TASK REQUIREMENTS:
Below are some records. Write out exactly their lines from the one with "Ventilateur de chauffage" through the one with "sudo tee /ect/nginx/conf.d/service-url.inc", and leave the pictures behind.

DATA SECTION:
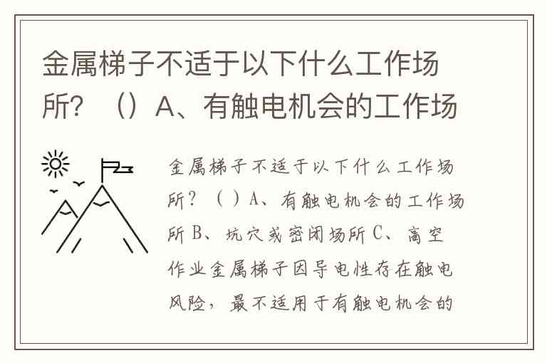 金属梯子因导电性存在触电风险,最不适用于有触电机会的工作场所。电力安全规范明确指出,涉电作业必须使用绝缘材质梯子,禁止使用金属梯,因为金属梯接触带电体或靠近高压电时可能引发触电事故,这属于重大安全风险。
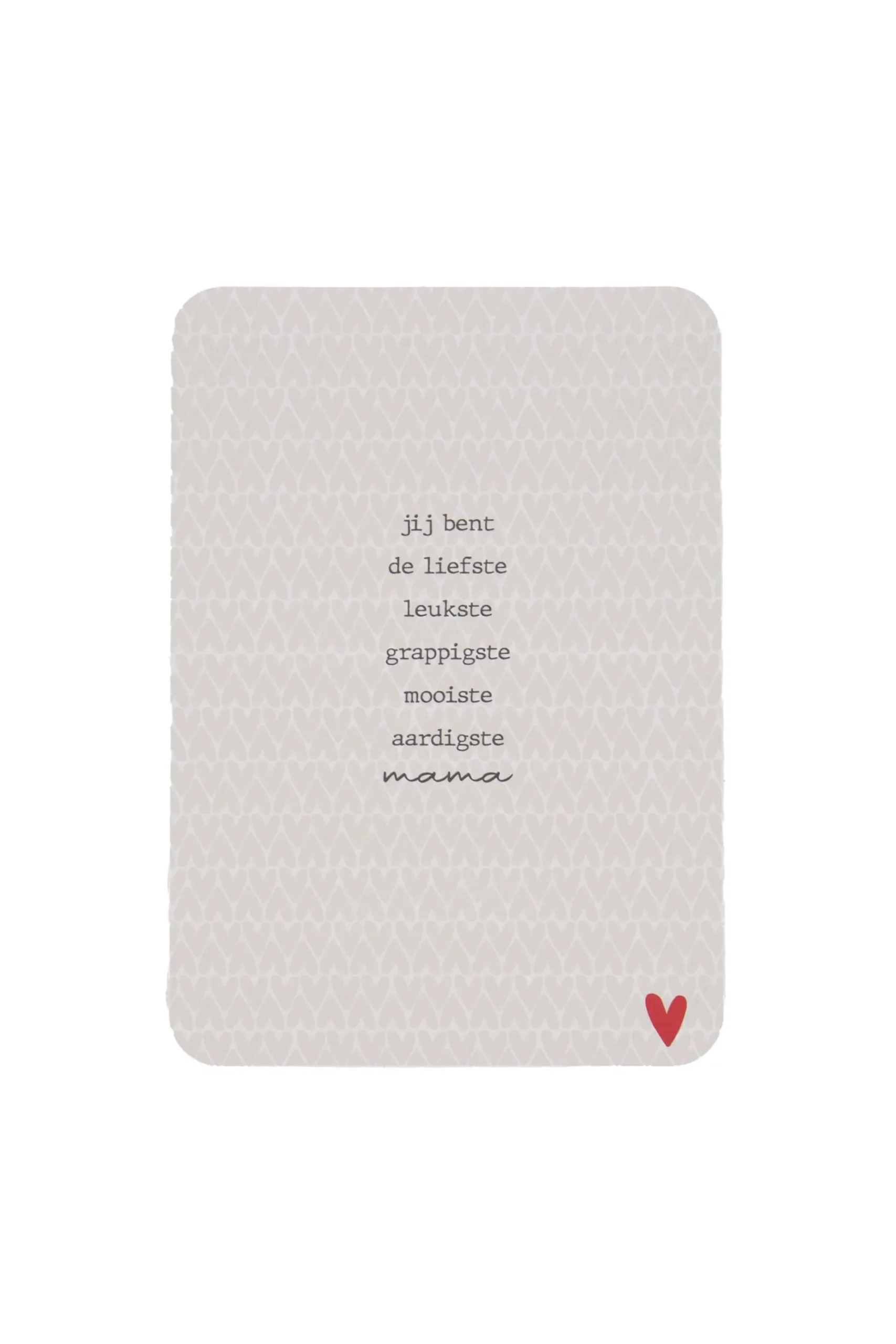 Zusss ansichtkaart ronde hoeken liefste mama zand|Verdiend jouw moeder nou ook een lief kaartje? Daar is deze ansichtkaart van Zusss perfect voor! Deze kaart is voorzien van een zandkleurige hartjesprint met daarop een tekst over de liefste mama. Schrijf er een lieve boodschap op en geef ‘m aan jouw moeder. Om het plaatje helemaal compleet te maken combineer je deze kaart met een leuk Zusss kadootje!|Zusss: basic, stoer, uniek en een tikkeltje eigenwijs.
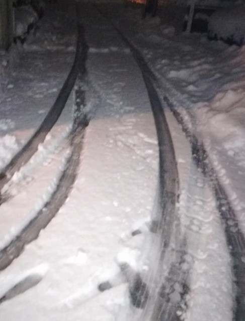 まだ外暗い朝ほどに雪の中お出かけし帰ってきて見たタイヤ痕…
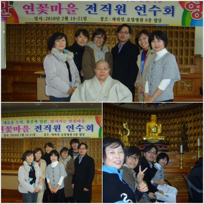 이번연수는 연꽃마을의 어제, 오늘 그리고 내일이라는 주제를 가지고 각현스님의 강의를 시작으로 하여, 앞으로 우리 법인의 미래에 대한 전략 및 직원들의 마음가짐에 대한 내용을 가지고 하였습니다.
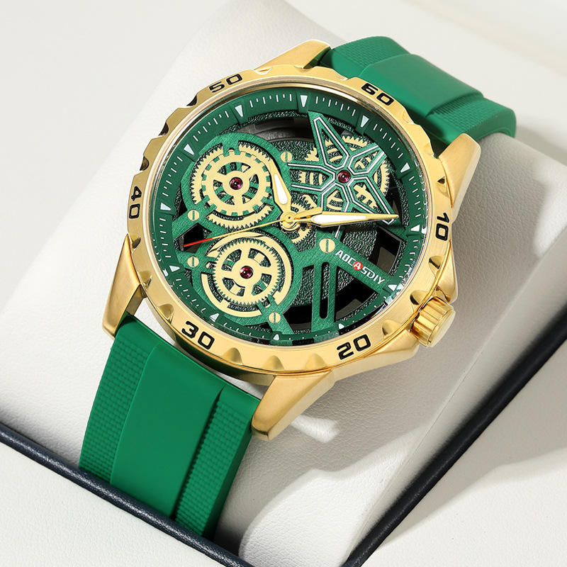 นาฬิกาสปอร์ตเรืองแสงของผู้ชายนาฬิกาข้อมือควอตซ์หน้าปัดใหญ่สายซิลิโคนนาฬิกาอินเทรนด์
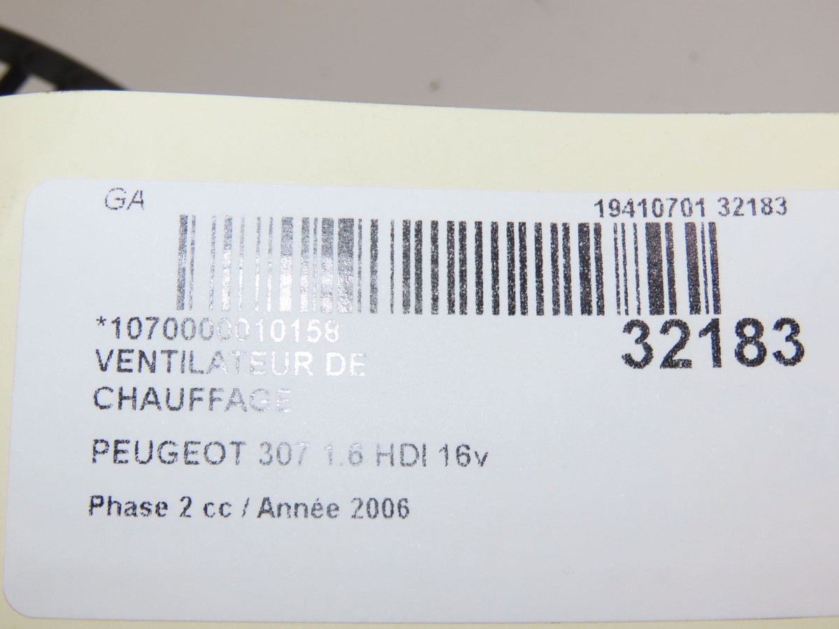 Ventilateur de chauffage occasion PEUGEOT 307Phase 2 06-2005->03-2008 1.6 HDI 16v 110ch
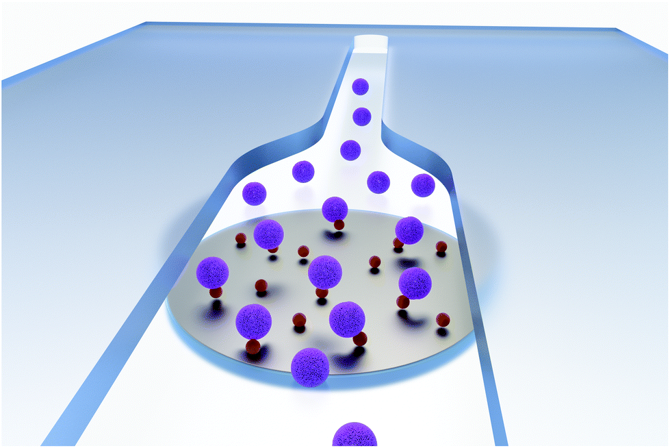 | | Fig. 1 Scheme of the directed coupling of liposomes (purple spheres, 135 nm in diameter) with magnetic nanoparticles (brown spheres, 30 nm in diameter) inside a microfluidic channel. The particles are captured on a magnet while liposomes bind to the particles on their way through the channel (flow from back to front). | |
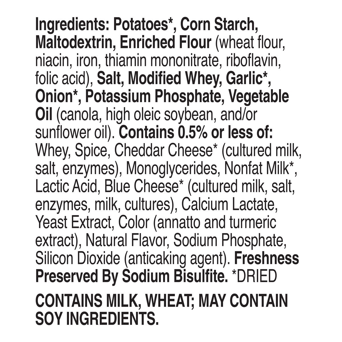 Potatoes*, Corn Starch, Maltodextrin, Enriched Flour (Wheat Flour, Niacin, Iron, Thiamin Mononitrate, Riboflavin, Folic Acid), Salt, Modified Whey, Garlic*, Onion*, Potassium Phosphate, Vegetable Oil …
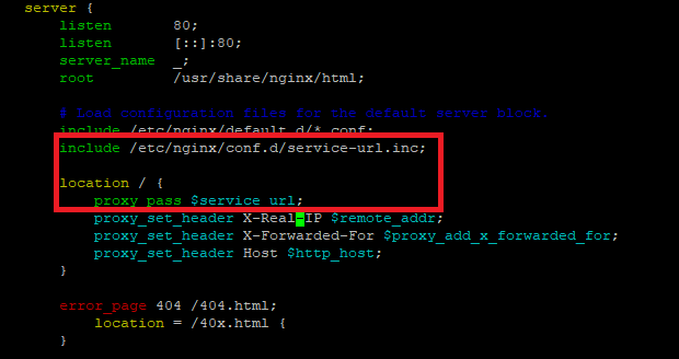 | sudo tee /ect/nginx/conf.d/service-url.inc
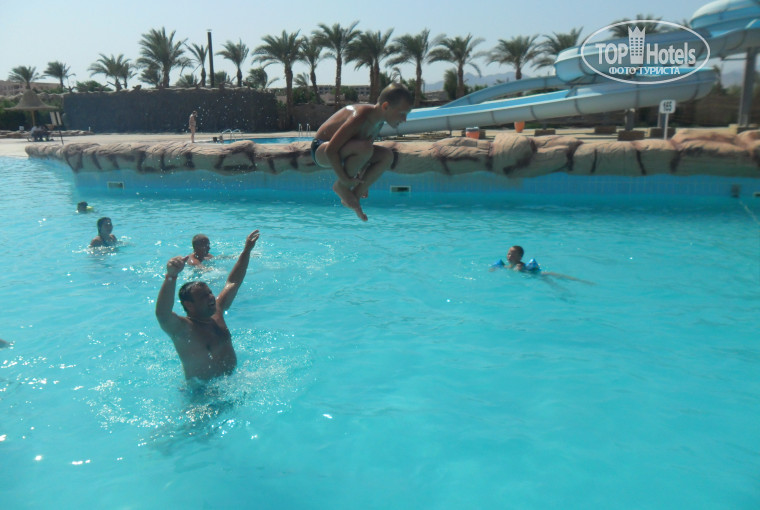 Теперь все по порядку. Расселение на 4. Прилетели в 9 утра от Анекс тура. Встретили отлично. Ездили 7 человек. Мы с мужем, сын 8 лет, мои родители и их друзья. Компашка большая и шумная. Мы с мужем уже не в первый раз в Шарме, а "старички" впервые. За 20$ на всех (три номера) расселили буквально за пол часа, а так сидите и ждите 2 часов как надо. Браслеты пощепили сразу же и наши мужички пошли изучать территорию отеля не дождавшись номеров, бо в горле пересохло и из бара на верху тут же притащили нам попить. Номера большие и светлые. Все работало. Есть маленькие нюансы, но где их не бывает?? То вода в раковине сходит медленно, то кондер не сразу дул хорошо, но при первом же обращении к уборщику все исправлялось в мгновения ока и не надо было ходить на ресепшен.Все улыбаются и не ХАМЯТ как было написано в предыдущих отзывах. Вести себя надо прилично и получите такое же отношение к себе. Долго объясняли что беларусы не Россия. Питание - это просто издевательство над людьми!!!! Как можно всю эту ВКУСНЯТИНУ СЪЕСТЬ!!! Попробовать даже не получалось то что видешь. Завтраки немного однообразны, но где вы дома видели на завтрак 20-30 блюд???? На обед изголялись как могли, и вегитарианские блюда и курица и рыба и говядина и даже какую то ламу готовили. Часть блюд готовят прямо у тебя на глазах и все улыбаются и желают приятного аппетита. Официанты постоянно заигрывают с детьми. Малышей вообще обожают, пока родители ходят за едой с удавольствием приглядят за шалопаем, и глазки сделают и песенку спают!!! До моря 7-10 минут ходьбы или 3 минуты на автобусике. На пляже есть бар где и перекусить можно и выпить. Да из спиртного пить можно только пиво, вино (если не разбавят),джин или водку (как не странно из всех крепких напитков единственное было приличное) а вообще мы с дютика брали свое. До обеда всегда на море были волны и красных флаг а вот после обеда вода супер (в песчаной луже до 35 градусов наверное доходило). Детки и старички на мелководье плавали а мы ходили с маской на пантон. Про аквапарк отдельный разговор. Сын плакал когда уезжали!!! Горки работают с 10 и до заката. По времени. бассейн с искуственной волной каждый час 15 минут. Возле каждой горки по два смотрящих. Молодцы. Работу выполняли четко. Белые горки просто супер, но стремные. Высота 4-5 этажей. Мы отдыхали возле синих горок и бассейна с искуственной волной. Всего и не напишешь. Отдохнули очень хорошо, приеду еще раз!!! Сходите на рыбный ужин это что-то!!!!!!!!

SOLUTION TO THE EXERCISE:
 Ventilateur de chauffage occasion PEUGEOT 307Phase 2 06-2005->03-2008 1.6 HDI 16v 110ch
 | | Fig. 1 Scheme of the directed coupling of liposomes (purple spheres, 135 nm in diameter) with magnetic nanoparticles (brown spheres, 30 nm in diameter) inside a microfluidic channel. The particles are captured on a magnet while liposomes bind to the particles on their way through the channel (flow from back to front). | |
 Potatoes*, Corn Starch, Maltodextrin, Enriched Flour (Wheat Flour, Niacin, Iron, Thiamin Mononitrate, Riboflavin, Folic Acid), Salt, Modified Whey, Garlic*, Onion*, Potassium Phosphate, Vegetable Oil …
 | sudo tee /ect/nginx/conf.d/service-url.inc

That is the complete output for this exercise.